Before proceeding to processing and analysis, we need to check the structure of the data (see the explanation from the previous tutorial):

str(speciesx)

We need a new column that contains the sampling date (in this case the column name is sdate), but the day must be changed into “1,” which we will see later its use in the aggregation of data and in plotting. The code below is similar to this: speciesx$sdate <- paste(speciesx$year, speciesx$month, 1, sep = "-").

speciesx[, sdate := paste(year, month, 1, sep = "-")]

Then convert this column (sdate) to a date format. Converting data from character to date format is essential for accurate analysis, consistent representation, and integration with various analytical and visualization tools. To do this, we can use the as.Date() function. This function is essential for working with date data, as it allows you to transform character representations of dates into a format that R recognizes as dates, facilitating further analysis and manipulation.

speciesx[, sdate := as.Date(sdate, format = "%Y-%B-%e")]

The format is a character string specifying the format of the input date. In this case, the format is: “%Y” is year with century; “%B” is the full month name in the current locale; and “%e” is the day of the month as decimal number (1–31). This format may change depending on the data you have. To learn more about the format, you can search the help page (??strptime).

Running again the str() function in our data, we can see that the sdate column is now a date format.

The next step is to convert the ‘maturity’ column from character to factor sing the factor() function.

unique(speciesx$maturity)
speciesx[, maturity := factor(
  maturity,
  levels = c("I", "II", "III", "IV", "V"),
  labels = c("I", "II", "III", "IV", "V")
)]

Now that we are done with the data processing, we will now proceed to data preparation.

Data preparation

Let’s establish the color palette required for our data visualization. A carefully chosen color palette plays a crucial role in ensuring that our visualizations are both visually appealing and effective in conveying information. By defining a suitable color palette, we can enhance the clarity and impact of our visualizations, making it easier for viewers to interpret and engage with the data. We will save this color palette to a variable named mycol.

mycol <- c("#033f63", "#28666e", "#7c9885", "#b5b682", "#dd6e42")

To create informative and concise labels for the x-axis of our plot, we will generate a sequence of dates and convert them into abbreviated month names. This will enhance the readability of the plot by providing a clear timeline.

First, we will generate a sequence of dates starting from January 1, 2017, to December 1, 2017, with a monthly interval. Then, we will convert these dates into abbreviated month names to use as labels on the x-axis.

xlab_dates <- seq(as.Date("2017-01-01"), as.Date("2017-12-01"), "1 month")
xlab_dates <- months(as.Date(xlab_dates), abbreviate = TRUE)
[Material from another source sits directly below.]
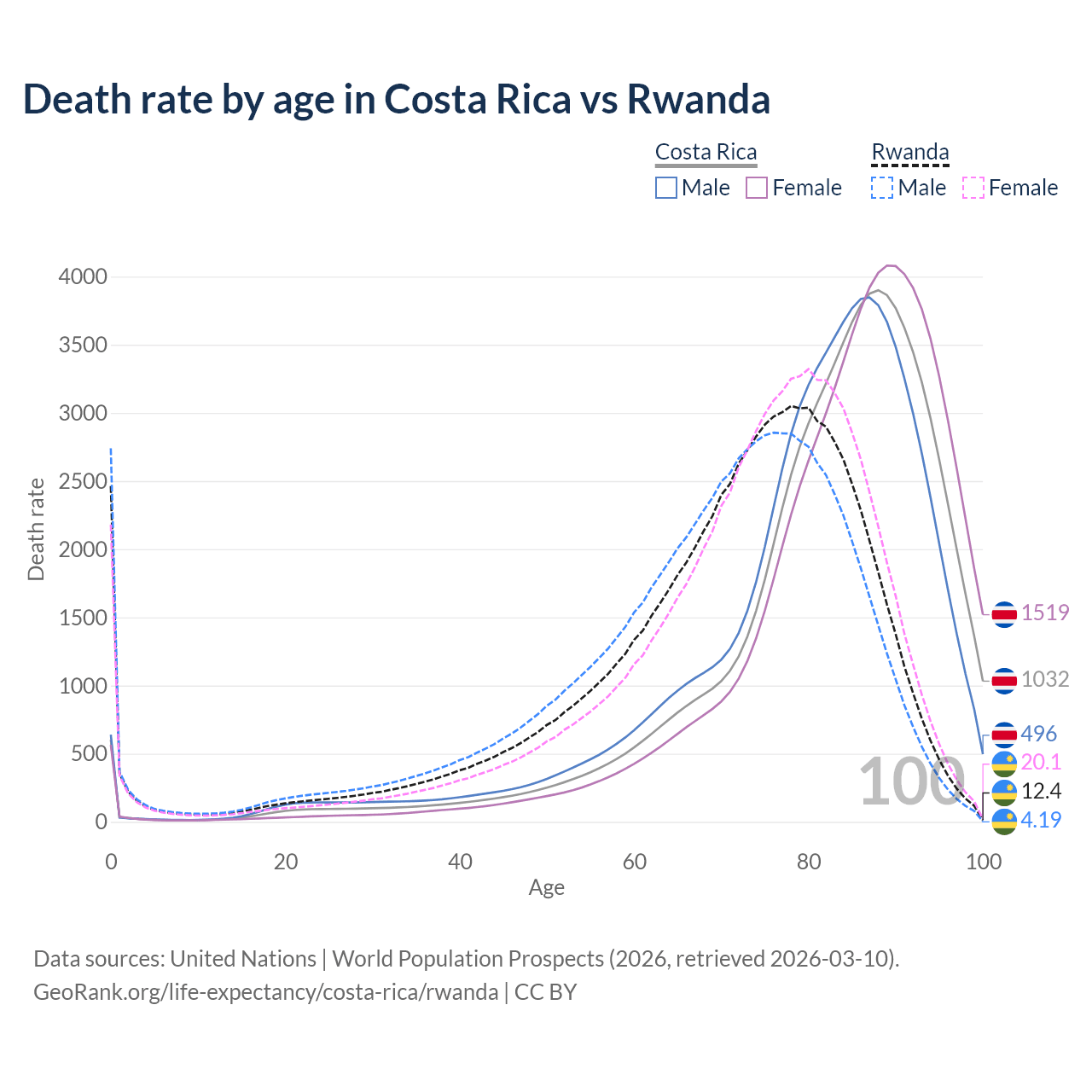 In Costa Rica, the most common age of death is 88, compared to 78 in Rwanda. The median age of death is 85 in Costa Rica and 73.5 in Rwanda, meaning only half of each cohort is expected to live past that age.

In order to analyze the gonadal stages per month and sex, it is crucial to focus on specific columns from the dataset that contain the core information necessary for this analysis. We will select the columns sdate, maturity, and sex from our dataset, as these contain the date of sampling, maturity stage, and sex of the specimens, respectively. By isolating these columns, we streamline the dataset to include only the relevant information needed for our analysis.

We will store this subset of the dataset in a new variable named sstage.

sstage <- speciesx[, list(sdate, maturity, sex)]

To understand the distribution of maturity stages over time, we need to aggregate the data by the sdate column and count the number of occurrences of each maturity stage for each date. This step will provide insights into the temporal patterns of maturity stages across different dates.

We will group the data by sdate, maturity, and sex, and then count the number of occurrences for each combination. The resulting dataset will help us analyze trends and patterns in the maturity stages over time.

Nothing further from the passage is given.